Aveva allontanato i ragazzi con la scusa di un discorso su cose-da-supereroi, ma sapevo bene che non era nulla di tutto ciò.
Vedevo preoccupazione nel suo sguardo, e quel che più mi spaventava era il fatto che non riuscissi ad attribuire quell'emozione a nessun evento che conoscessi.

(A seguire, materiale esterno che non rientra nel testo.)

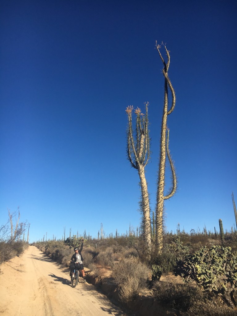 La luce del sole inizia a scaldarci fin da subito e nel giro di poco ci sono 26°! Sull’altipiano la pista è decisamente più pedalabile rispetto a ieri e anche se sabbiosa non ci sono più tutti i sassi che tanto ci hanno fatto saltare ieri. Riusciamo a pedalare per 40 km in poche ore immersi sempre tra i Cirros. Alcuni sono altissimi, partono con un tronco abbastanza spesso e si assottigliano verso l’alto. Il tronco è completamente ricoperto di lunghe e affilate spine e sulla cima di alcuni un buffo ciuffo giallo li incorona.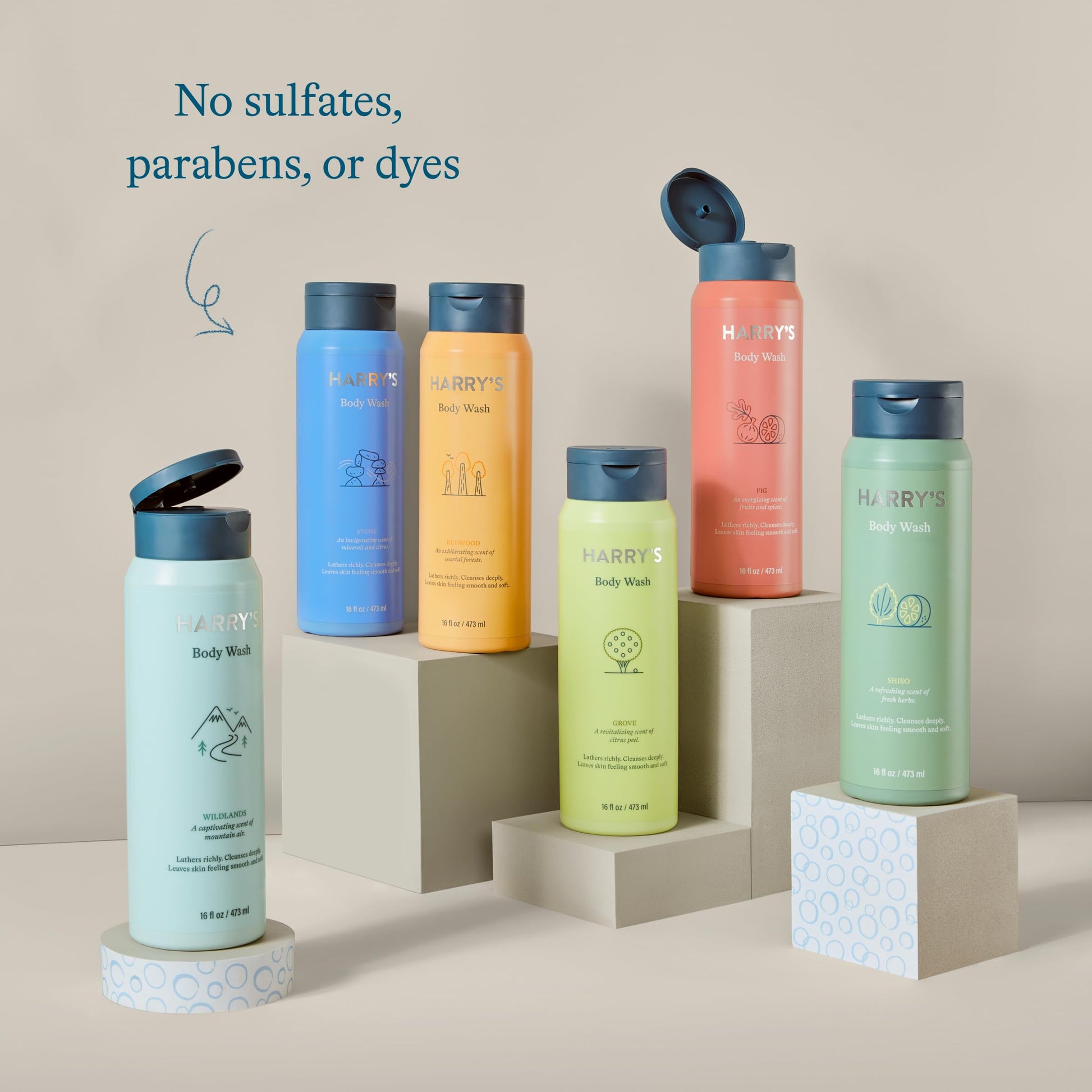 - HARRY'S MEN'S BODY WASH - Our body wash cleanses deeply without drying out. Some mens body wash use sulfates to create lather, leaving your skin dry and sensitive. To remedy that, we chose gentle ingredients for our shower gel that are made without sulfates, parabens, or dyes.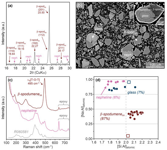 Characteristics of the product from the solid-state crystallization experiment performed using the NaAlSi2O6 glass and β-spodumeness endmembers. (a) Powder-XRD pattern collected on the ground portion of the recovered material. (b) BSE image obtained on a polished section across pellet fragments. The inset emphasizes the textural relationship of coexisting β-spodumeness, nepheline, and glass. (c) Raman spectra acquired on grains of β-spodumeness and nepheline. A reference spectrum of natural nepheline (Na0.66K0.27Ca0.04)AlSiO4 from the RRUFF database (R060581) is also shown for comparison. (d) Compositions (filled circles) and molar proportions (in brackets) of β-spodumeness, glass, and nepheline in the product. The empty squares represent the average compositions of β-spodumeness and glass before the heat treatment.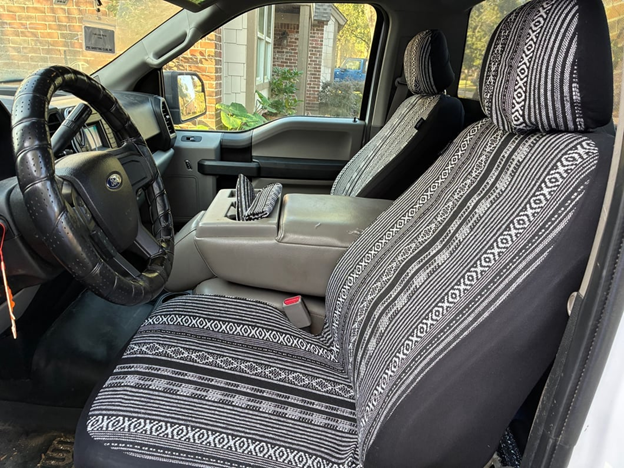 Do you want to change the way your entire cabin feels and go with more of a classic off-road Baja style? If so, these Baja Saddle Blanket seat covers are always a great choice. These seat covers are made with polyester, but they also have a high-density foam core. This makes these seat covers stylish, comfortable, and a great eye-catching upgrade for your Ford truck. We also love these seat covers because they're universal. In other words, you don't have to worry about getting a specific cover for a specific model or seat size. Instead, you can slap these bad boys on just about any seat.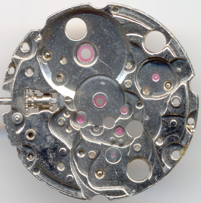 On the base plate you see, that all bearings, including those of the minute wheel and mainspring barrel are equipped with rubies. Perfect!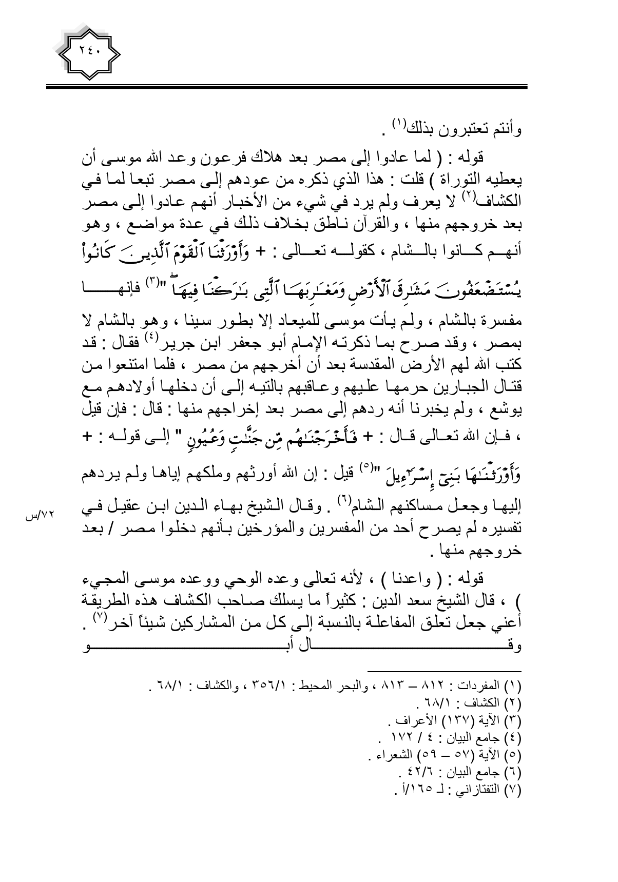 قوله: (لما عادوا إلى مصر بعد هلاك فرعون وعد الله موسى أن يعطيه التوراة) قلت: هذا الذي ذكره من عودهم إلى مصر تبعا لما في الكشاف لا يعرف ولم يرد في شيء من الأخبار أنهم عادوا إلى مصر بعد خروجهم منها، والقرآن ناطق بخلاف ذلك في عدة مواضع، وهو أنهم كانوا بالشام، كقوله تعالى: {وَأَوْرَثْنَا الْقَوْمَ الَّذِينَ كَانُوا يُسْتَضْعَفُونَ مَشَارِقَ الْأَرْضِ وَمَغَارِبَهَا الَّتِي بَارَكْنَا فِيهَا} فإنها مفسرة بالشام، ولم يأت موسى للميعاد إلا بطور سينا، وهو بالشيء لا بمصر، وقد صرح بما ذكرته الإماء أبو جعفر ابن جرير فقال: قد كتب الله لهم الأرض المقدسة بعد أن أخرجهم من مصر، فلما امتنعوا من قتال الجبارين حرمها عليهم وعاقبهم بالتيه إلى أن دخلها أولادهم مع يوشع، ولم يخبرنا أنه ردهم إلى مصر بعد إخراجهم منها: قال: فإن قيل، فإن الله تعالى قال: {فَأَخْرَجْنَاهُمْ مِنْ جَنَّاتٍ وَعُيُونٍ} إلى قوله: {وَأَوْرَثْنَاهَا بَنِي إِسْرَائِيلَ} قيل: إن الله أورثهم وملكهم إياها ولم يردهم إليها وجعل مساكنهم الشام. وقال الشيخ بهاء الدين ابن عقيل في تفسيره لم يصرح أحد من المفسرين والمؤرخين بأنهم دخلوا مصر/ بعد خروجهم منها.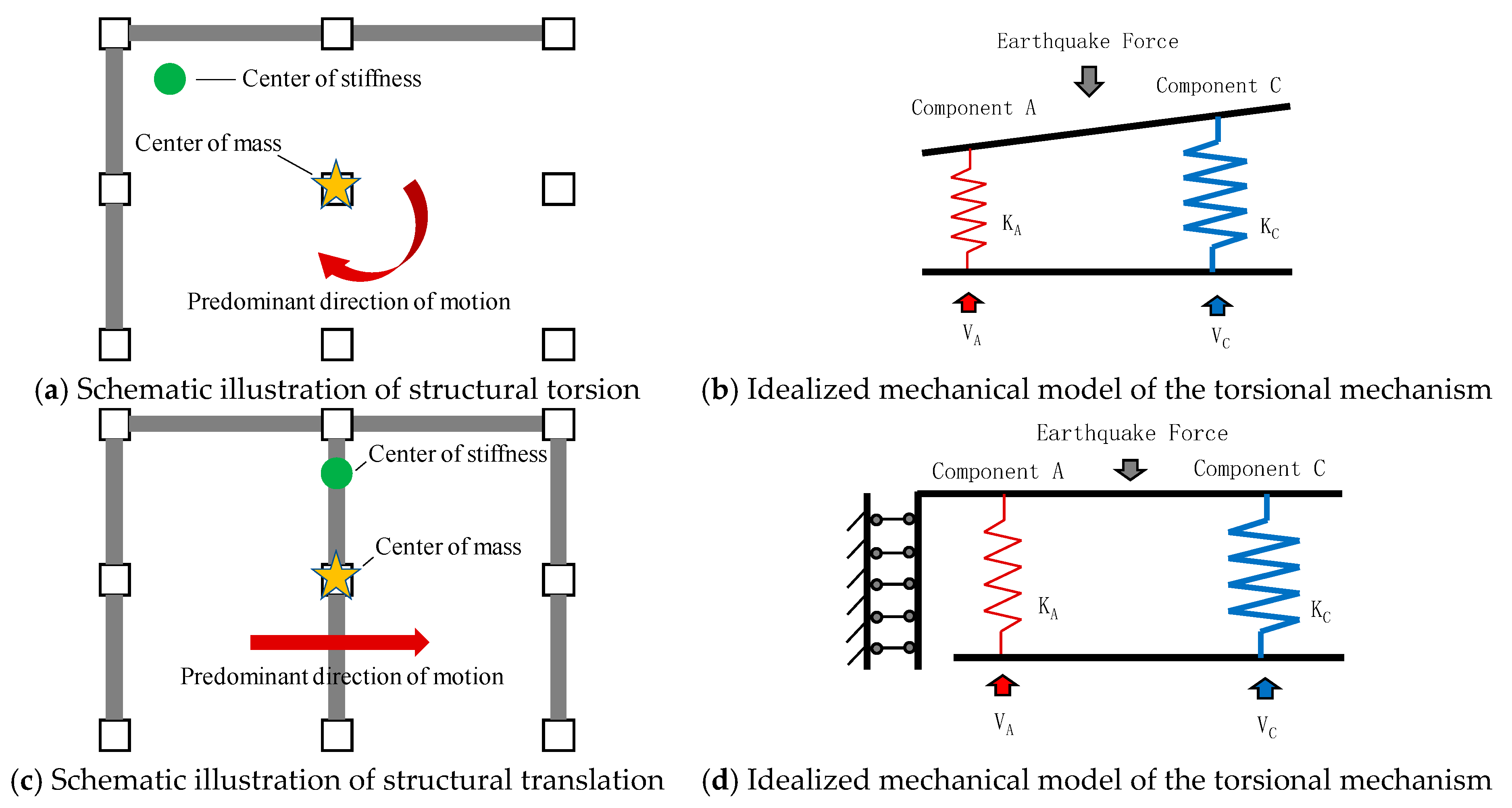 Figure 5a shows the behavior and failure mechanism of Building A. Under the torsional mechanism in Figure 4b, both stiff (Component C) and flexible (Component A) elements are subjected to the same internal force. Component A reaches its deformation limit and fails, while Component C remains intact since the force does not reach its ultimate capacity. Such complete torsional failure is particularly damaging to seismic performance, though it generally occurs in buildings with highly irregular wall distributions, such as corner buildings.

"Vorrei chiederlo a te. Prima che scendessi, Nate è venuto fuori in giardino, io stavo raccogliendo le fragole - a proposito, sai quante ce ne sono?! - e mi ha detto che è venuto a svegliarti. Appena è entrato in camera ti ha vista tutta rigida, tremante e sudata, e parlavi nel sonno, sembravano quasi lamenti. - spiegò - Cosa c'è che non va?, e non dirmi 'niente' perché so che non è vero. Ho visto Nate parecchio preoccupato."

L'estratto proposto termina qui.